Table of Contents
Fetching ...

Empowering Edge Intelligence: A Comprehensive Survey on On-Device AI Models

Xubin Wang, Zhiqing Tang, Jianxiong Guo, Tianhui Meng, Chenhao Wang, Tian Wang, Weijia Jia

TL;DR

This survey analyzes the shift of AI deployments to edge and terminal devices, highlighting real-time processing, data privacy, and IoT-driven demand. It provides a structured, end-to-end view of on-device AI—from fundamental concepts and device taxonomy to applications, technical challenges, and optimization strategies (data-, model-, and system-level). The work emphasizes practical methods such as model compression, quantization, pruning, knowledge distillation, and hardware acceleration, while discussing energy efficiency, security, and continuous learning in edge contexts.
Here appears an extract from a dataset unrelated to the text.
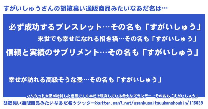 | 男性向けラノベタイトル風あだ名 | 『スガイシュウスレイヤー』 |

By integrating emerging technologies like 5G, edge computing, and foundation models, the paper outlines future directions for sustainable, adaptive edge intelligence with broad societal and industrial impact.

Abstract

The rapid advancement of artificial intelligence (AI) technologies has led to an increasing deployment of AI models on edge and terminal devices, driven by the proliferation of the Internet of Things (IoT) and the need for real-time data processing. This survey comprehensively explores the current state, technical challenges, and future trends of on-device AI models. We define on-device AI models as those designed to perform local data processing and inference, emphasizing their characteristics such as real-time performance, resource constraints, and enhanced data privacy. The survey is structured around key themes, including the fundamental concepts of AI models, application scenarios across various domains, and the technical challenges faced in edge environments. We also discuss optimization and implementation strategies, such as data preprocessing, model compression, and hardware acceleration, which are essential for effective deployment. Furthermore, we examine the impact of emerging technologies, including edge computing and foundation models, on the evolution of on-device AI models. By providing a structured overview of the challenges, solutions, and future directions, this survey aims to facilitate further research and application of on-device AI, ultimately contributing to the advancement of intelligent systems in everyday life.
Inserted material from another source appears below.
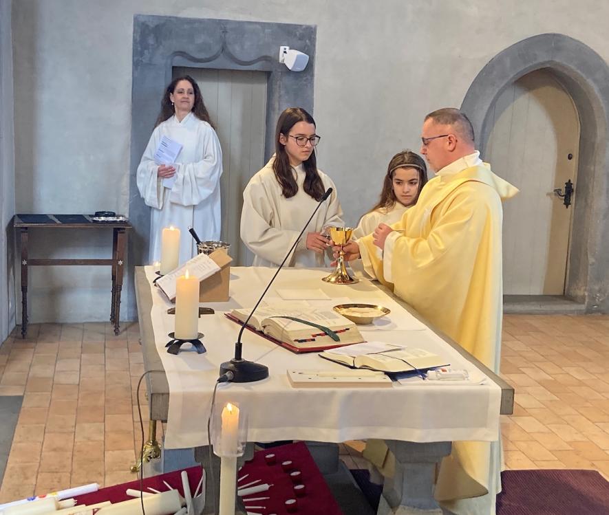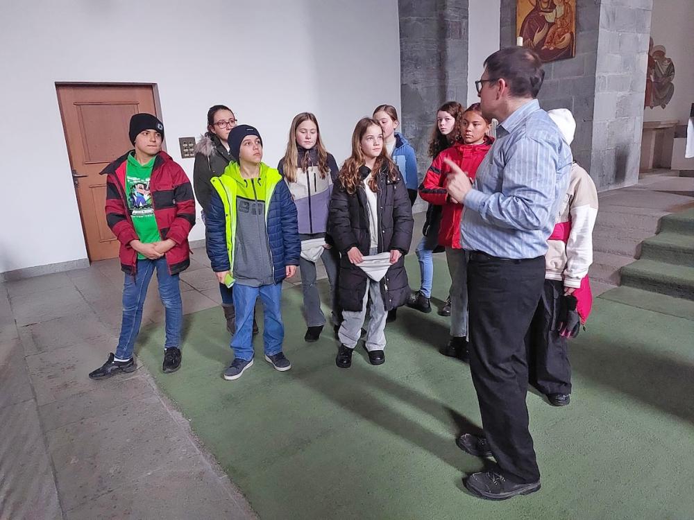 Am Mittwoch, 28. Januar machten unsere Firmandinnen und Firmanden einen weiteren Schritt auf ihrem Weg zur Firmung. Sie besuchten zusammen mit Marianne Keusch und Erika Rauchenstein unseren Firmspender, Regens Daniel Krieg in Chur. Er zeigte uns das Priesterseminar und was dort gemacht wird. Nach einer sehr interessanten Führung konnten wir noch allfällige Fragen klären. Nach einem Zvieri ging es dann wieder nach Hause. Es war sehr interessant und wir freuen uns auf die Firmung.

Empowering Edge Intelligence: A Comprehensive Survey on On-Device AI Models

TL;DR

This survey analyzes the shift of AI deployments to edge and terminal devices, highlighting real-time processing, data privacy, and IoT-driven demand. It provides a structured, end-to-end view of on-device AI—from fundamental concepts and device taxonomy to applications, technical challenges, and optimization strategies (data-, model-, and system-level). The work emphasizes practical methods such as model compression, quantization, pruning, knowledge distillation, and hardware acceleration, while discussing energy efficiency, security, and continuous learning in edge contexts. By integrating emerging technologies like 5G, edge computing, and foundation models, the paper outlines future directions for sustainable, adaptive edge intelligence with broad societal and industrial impact.

Abstract

The rapid advancement of artificial intelligence (AI) technologies has led to an increasing deployment of AI models on edge and terminal devices, driven by the proliferation of the Internet of Things (IoT) and the need for real-time data processing. This survey comprehensively explores the current state, technical challenges, and future trends of on-device AI models. We define on-device AI models as those designed to perform local data processing and inference, emphasizing their characteristics such as real-time performance, resource constraints, and enhanced data privacy. The survey is structured around key themes, including the fundamental concepts of AI models, application scenarios across various domains, and the technical challenges faced in edge environments. We also discuss optimization and implementation strategies, such as data preprocessing, model compression, and hardware acceleration, which are essential for effective deployment. Furthermore, we examine the impact of emerging technologies, including edge computing and foundation models, on the evolution of on-device AI models. By providing a structured overview of the challenges, solutions, and future directions, this survey aims to facilitate further research and application of on-device AI, ultimately contributing to the advancement of intelligent systems in everyday life.

Paper Structure

This paper contains 84 sections, 5 figures, 10 tables.

Figures (5)

  • Figure 1: Structure of this survey.
  • Figure 2: An overview of how on-device AI works. The figure illustrates a general pipeline encompassing three critical aspects: data, model, and system. It is important to note that not all steps are necessary in practical applications.
  • Figure 3: An overview of data optimization operations for on-device AI—including data filtering, feature extraction, data aggregation, data quantization, and edge computing frameworks—can be employed to enhance the quality of data collected for on-device AI models.
  • Figure 4: An overview of model optimization operations. Model compression involves using various techniques, such as pruning, model quantization, and knowledge distillation, to reduce the size of the model and obtain a compact model that requires fewer resources while maintaining high accuracy. Model design involves creating lightweight models through manual and automated techniques, including architecture selection, parameter tuning, and regularization.
  • Figure 5: An overview of system optimization operations for on-device AI. Software optimization includes frameworks for lightweight model training and inference, while hardware optimization focuses on acceleration methods to improve computational efficiency.